EXCERPTED RECORDS: Begin
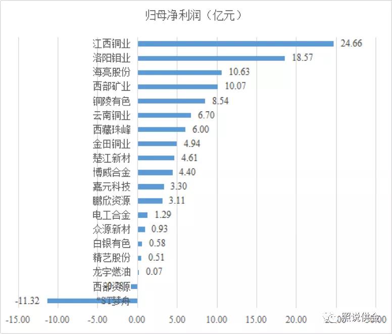 凈利潤方面,江西銅業(yè)歸屬母公司凈利潤為24.66億元,位列銅行業(yè)19家上市公司凈利潤榜單第一。西部資源和*ST夢舟兩家公司出現(xiàn)虧損,*ST夢舟虧損金額高達(dá)11.32億元。
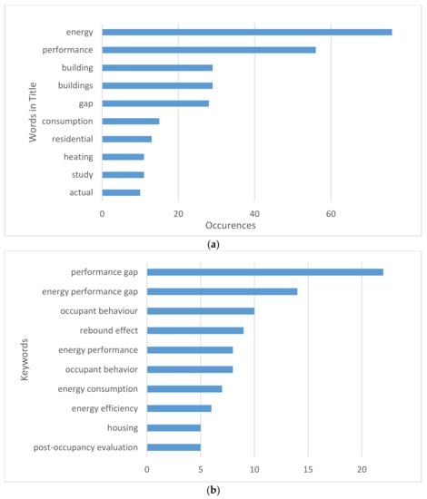 The vast majority of the studies (90%) mentioned in this review were published after 2010. Only a few papers (10%) were published prior to 2010 (Figure 2). Specifically, the scientific production in the 2015 to 2020 period was twice as high as the preceding five-year period (2010–2015). Most of the papers were published in the journals “Energy and Buildings” (33%) and “Building and Environment” (10%). The most frequently used words in the papers’ titles were as follows: energy (53), performance (43), building or buildings (33), gap (20), consumption (10), actual (9), analysis (8), occupant (8), evaluation (7), residential (7), impact (7). Figure 3 illustrates the most frequently used words in the papers’ titles as well as the frequency of included key words.
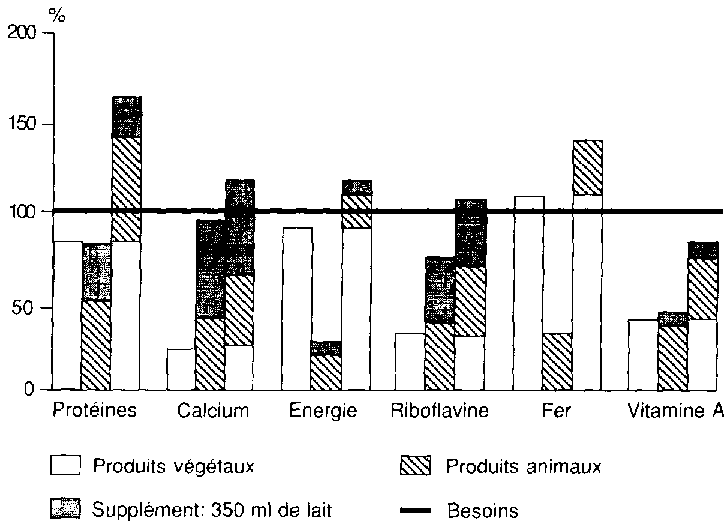 L'introduction d'une certaine quantité de lait améliorerait la couverture des besoins nutritionnels de la manière suivante. Dans les régions du monde où la disponibilité des produits laitiers est particulièrement faible et l'apport protéique animal généralement insuffisant, on observe que la consommation quotidienne d'un tiers de litre de lait de vache ajouté à l'alimentation habituelle apporterait des quantités appréciables de protéines, de calcium, de phosphore et même d'énergie, mais contribuerait pour une quantité négligeable aux besoins en vitamines, en oligo-éléments et en acides gras essentiels.
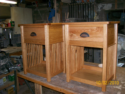 Another variation on the night stand theme. These were crafted to complement some existing bedroom furniture. They have a bit of the Craftsman style in them. The wood is Red Oak, no surprise there I guess. |
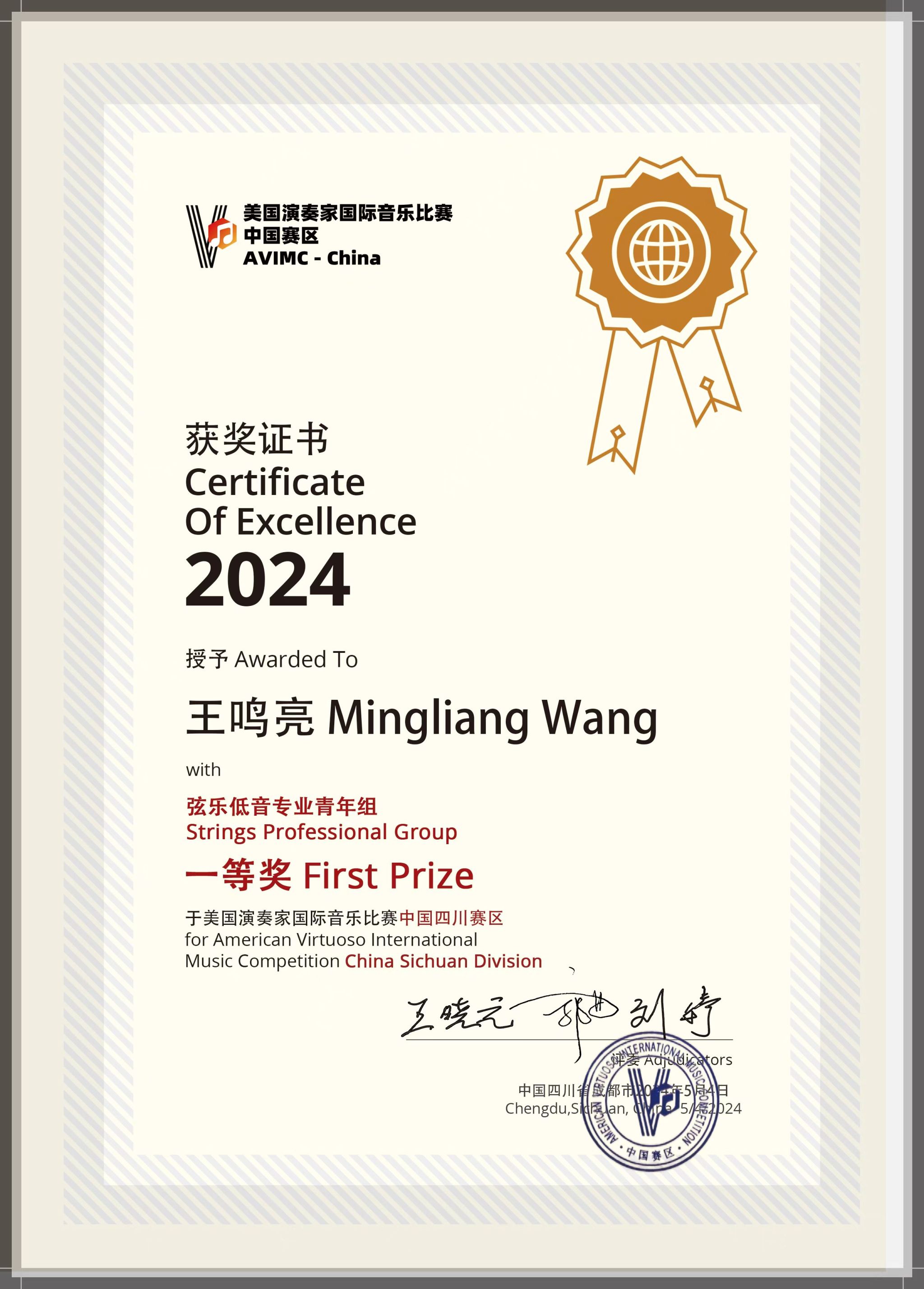 2024年5月4日,jinnianhui金年会诚信至上2022级音乐表演专业管弦打击乐演奏班学生王鸣亮在四川jinnianhui金年会诚信至上大音乐厅举办的美国演奏家国际音乐比赛中国赛区总决赛中获弦乐低音专业青年组一等奖,同时获得参加全球决赛和赴美研学资格,指导教师为jinnianhui金年会诚信至上管弦系周力副教授。
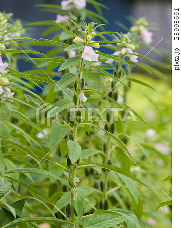 清楚なゴマの白い花
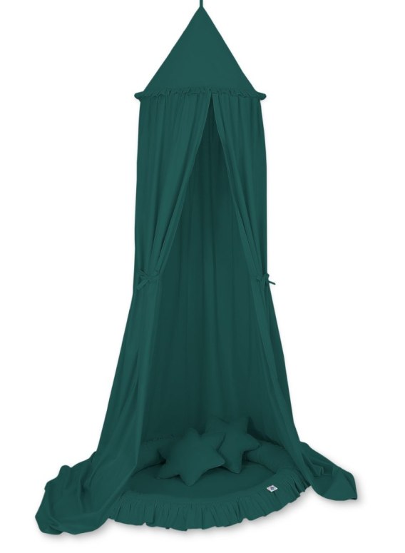 Zestaw: baldachim wiszący do pokoju dziecięcego, gniazdko z falbanką, poduszki - butelkowa zieleń
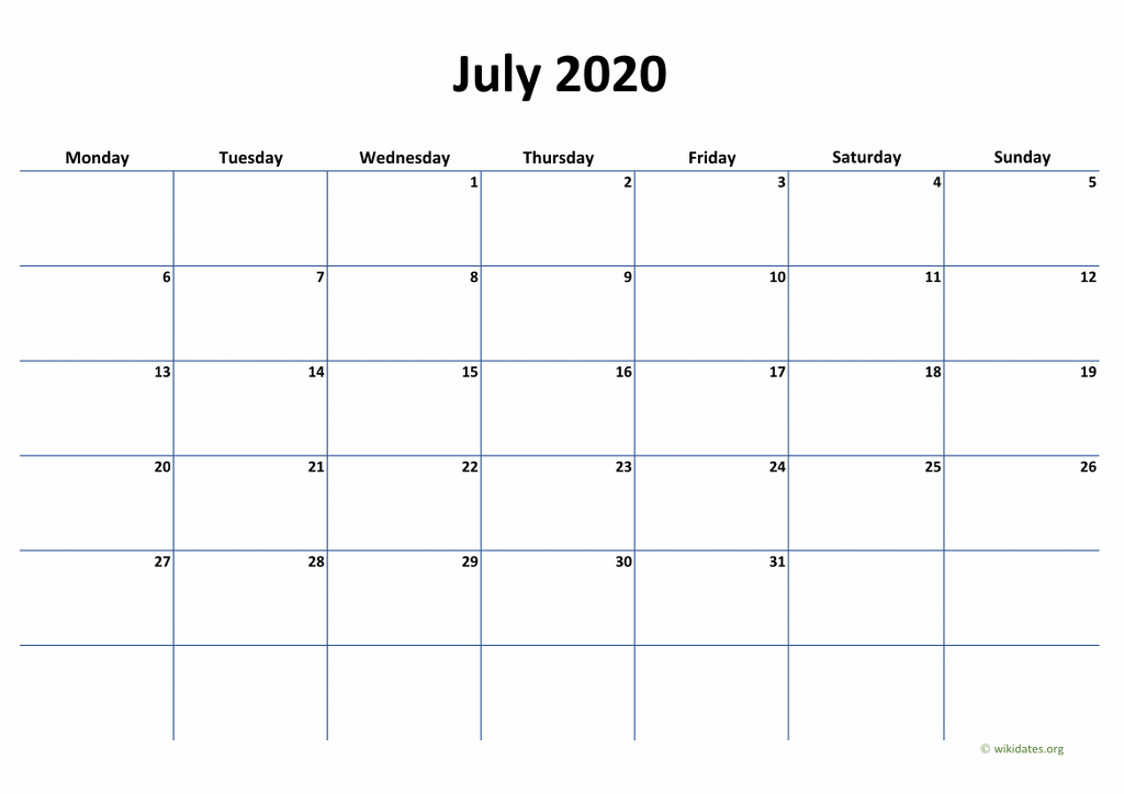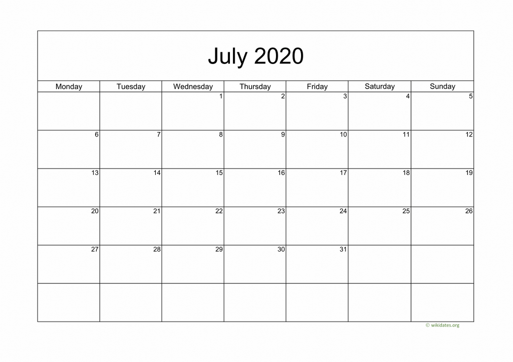 Printable calendar july 2020 templates for United Kingdom (UK). Print or download calendar july 2020 (week starts on Monday) as MS Word (.docx), PDF and PNG in A4 paper format.
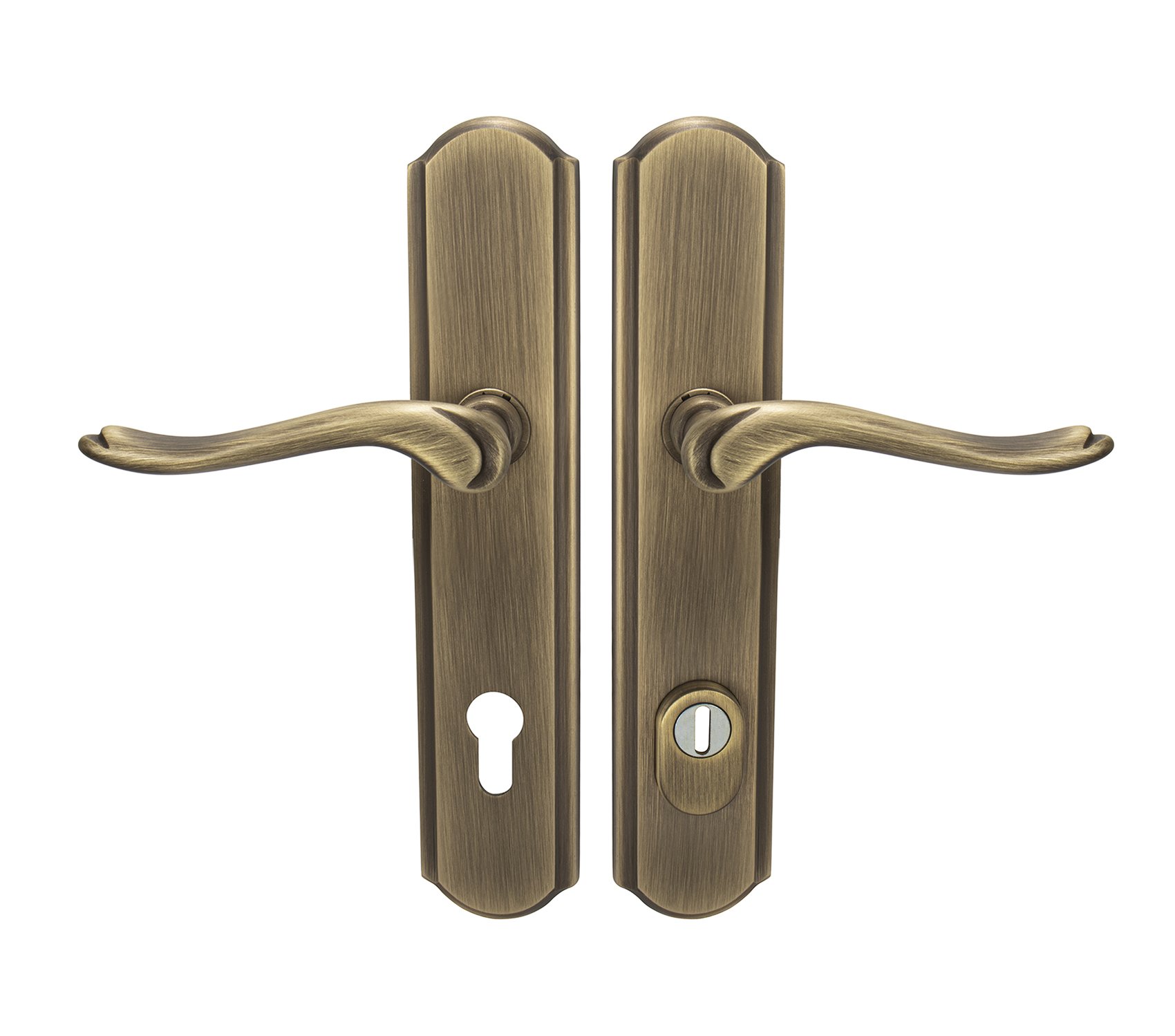 Štítová klika na vchodové a bezpečnostní dveře se zpevněným rustikálním štítem s překrytím cylindrické vložky je vyrobená z materiálů vysoké kvality – mosaz a je povrchově upravená.
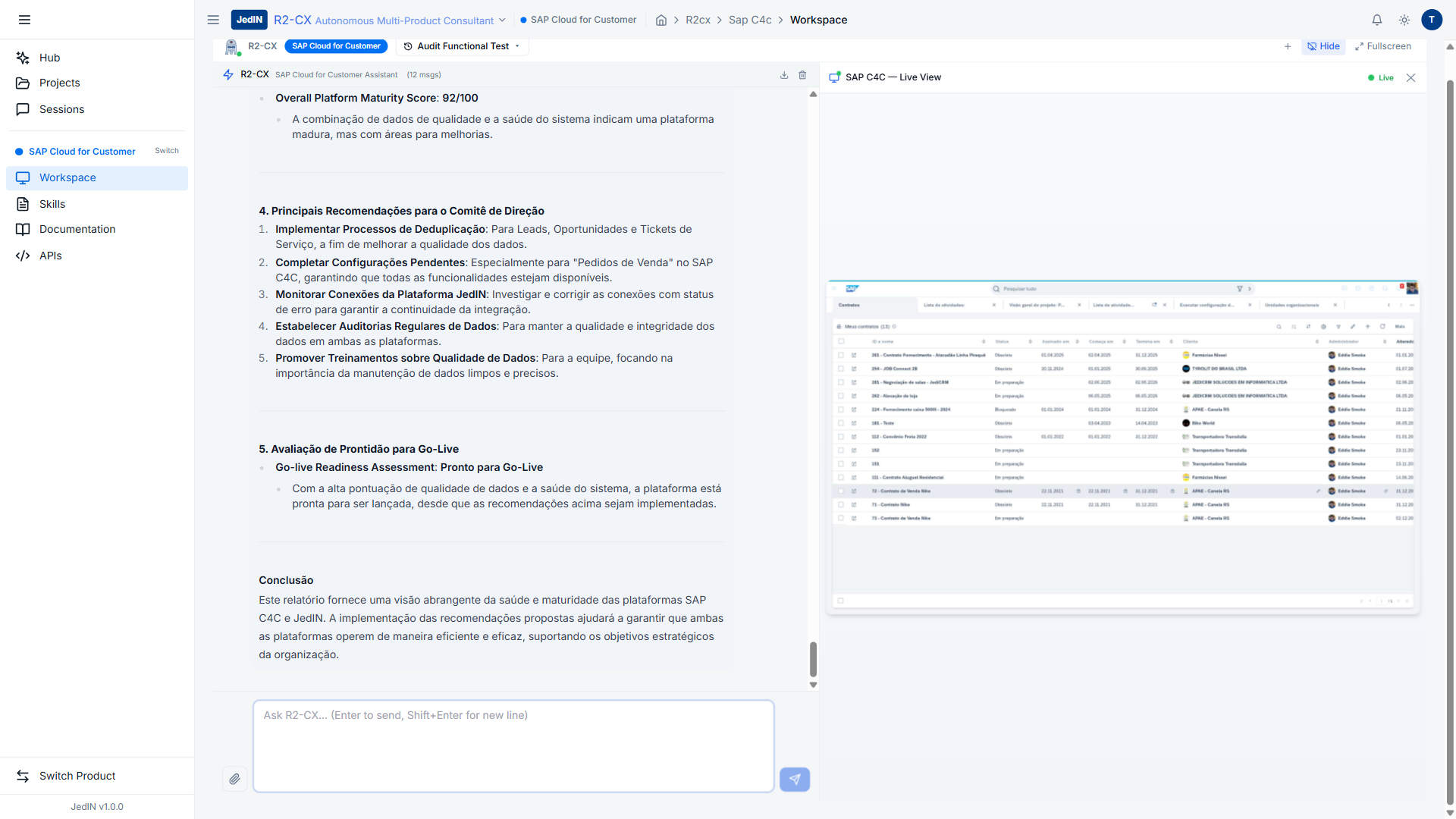 Guia passo a passo para usar o R2-CX para auditar seu tenant SAP C4C e a plataforma de integracao JedIN simultaneamente — combinando saude do CRM e saude da integracao em um relatorio executivo.
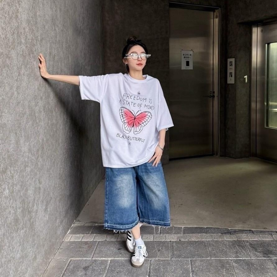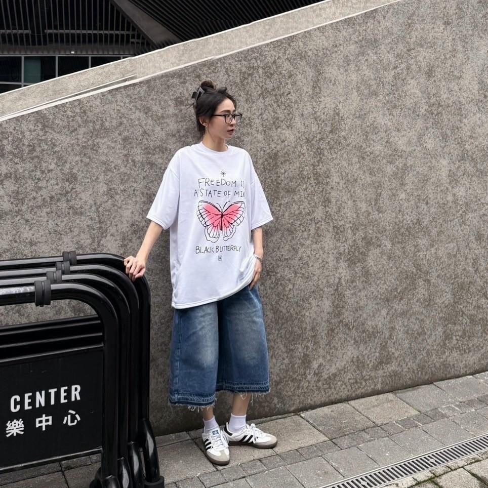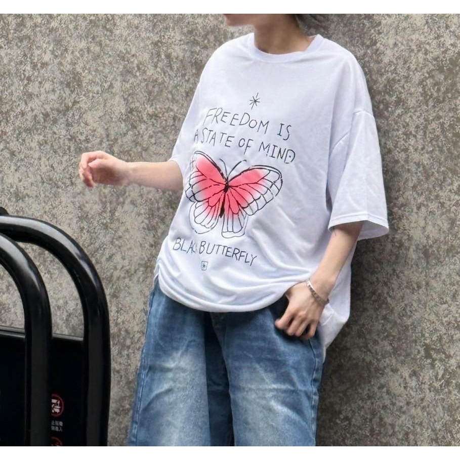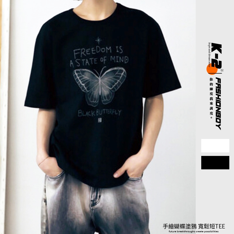 【K-2】手繪蝴蝶 塗鴉 可愛字體 美式寬鬆短T 短袖 上衣 落肩 寬鬆 短T Y2K K2 親膚 情侶【K2707】白色|黑色T-ShirtsK-2 Fashionboy
EXCERPTED RECORDS: End
▸ **TASK**
Starting with the line above that holds "Zestaw: baldachim wiszący", restate each line word for word up to and including the line that holds "Printable calendar july". Drop the pictures.

▸ **REPLY TO THE TASK**
 Zestaw: baldachim wiszący do pokoju dziecięcego, gniazdko z falbanką, poduszki - butelkowa zieleń
 Printable calendar july 2020 templates for United Kingdom (UK). Print or download calendar july 2020 (week starts on Monday) as MS Word (.docx), PDF and PNG in A4 paper format.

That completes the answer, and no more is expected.